* _WHAT IS EXPECTED_:
When you write out the listing, keep each word exactly as it stands but include none of its images.

[RAW DATA Boundary: Start]

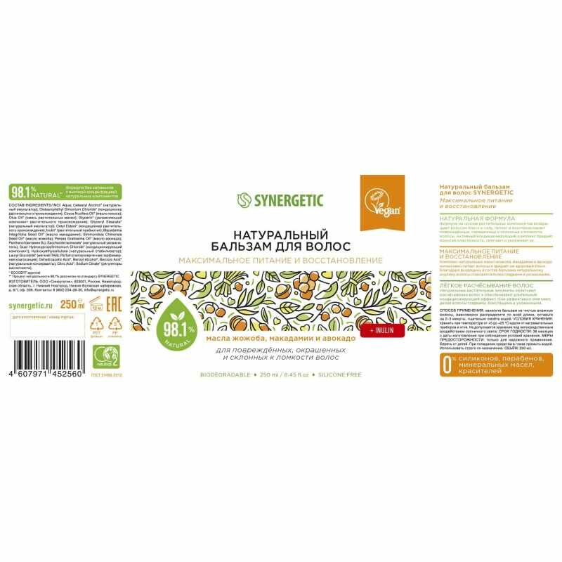 Бальзам для окрашенных волос Synergetic Максимальное питание и восстановление 250мл 4607971452560
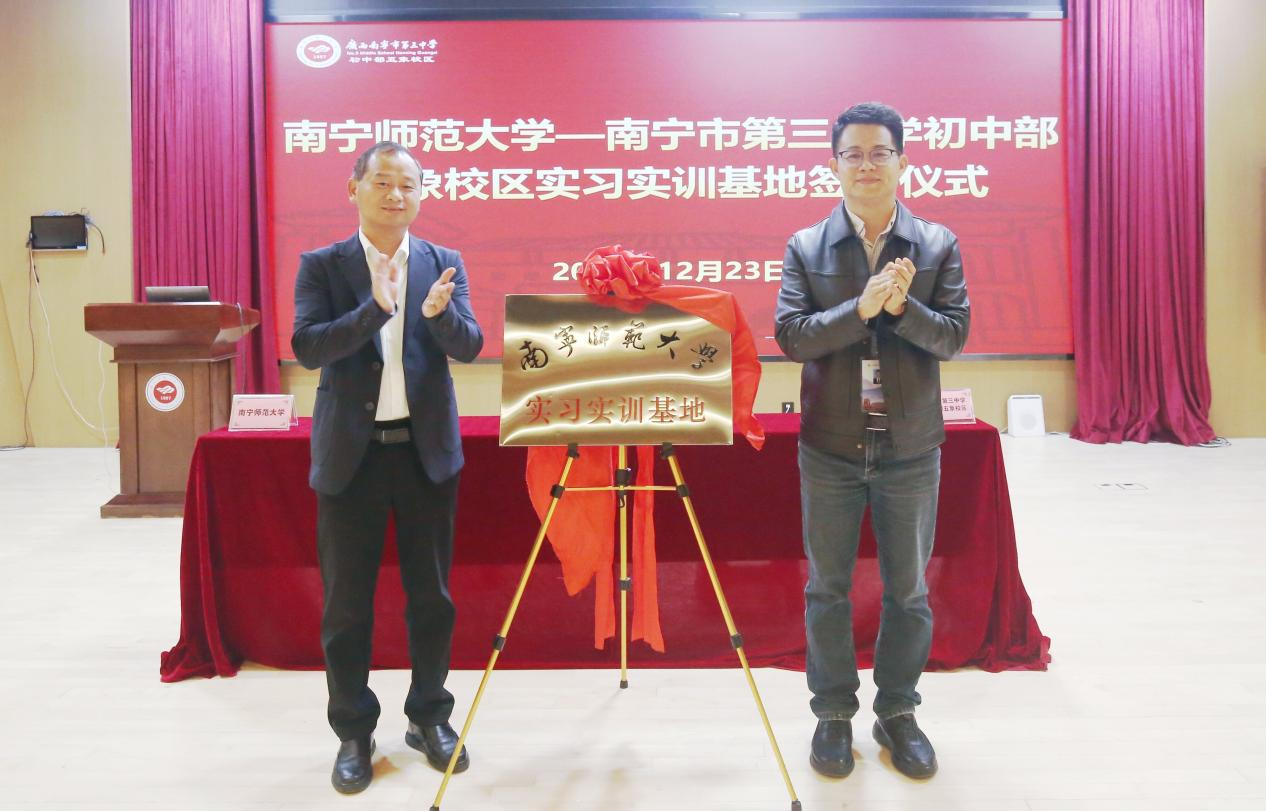 作为“高校智力支持”的核心力量,法学与社会学院在此次合作中扮演了关键角色。在各方见证下,罗永仕副院长与南宁三中吴斌副校长代表双方签署了共建实习实训基地协议,吴少进副院长随后为基地揭牌。此前,陈仕成副部长与吴斌副校长共同为“桂童护航”项目驻校社工服务站揭牌。这一系列举措,不仅为项目落地提供了坚实的实践平台,也为学院相关专业人才培养开辟了新的路径。
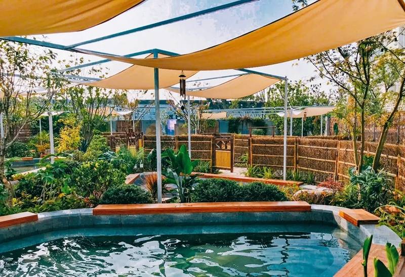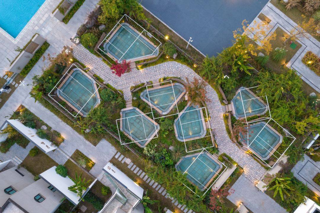 还引入了江南绝佳的天然温泉,8个温泉池散落在花园中,篱笆绿植掩映,颇具海岛风情,来自地下的热泉,四季可泡,大片的草木看得人心情透畅。

[RAW DATA Boundary: End]

* _THE ANSWER_:
 Бальзам для окрашенных волос Synergetic Максимальное питание и восстановление 250мл 4607971452560
 作为“高校智力支持”的核心力量,法学与社会学院在此次合作中扮演了关键角色。在各方见证下,罗永仕副院长与南宁三中吴斌副校长代表双方签署了共建实习实训基地协议,吴少进副院长随后为基地揭牌。此前,陈仕成副部长与吴斌副校长共同为“桂童护航”项目驻校社工服务站揭牌。这一系列举措,不仅为项目落地提供了坚实的实践平台,也为学院相关专业人才培养开辟了新的路径。
 还引入了江南绝佳的天然温泉,8个温泉池散落在花园中,篱笆绿植掩映,颇具海岛风情,来自地下的热泉,四季可泡,大片的草木看得人心情透畅。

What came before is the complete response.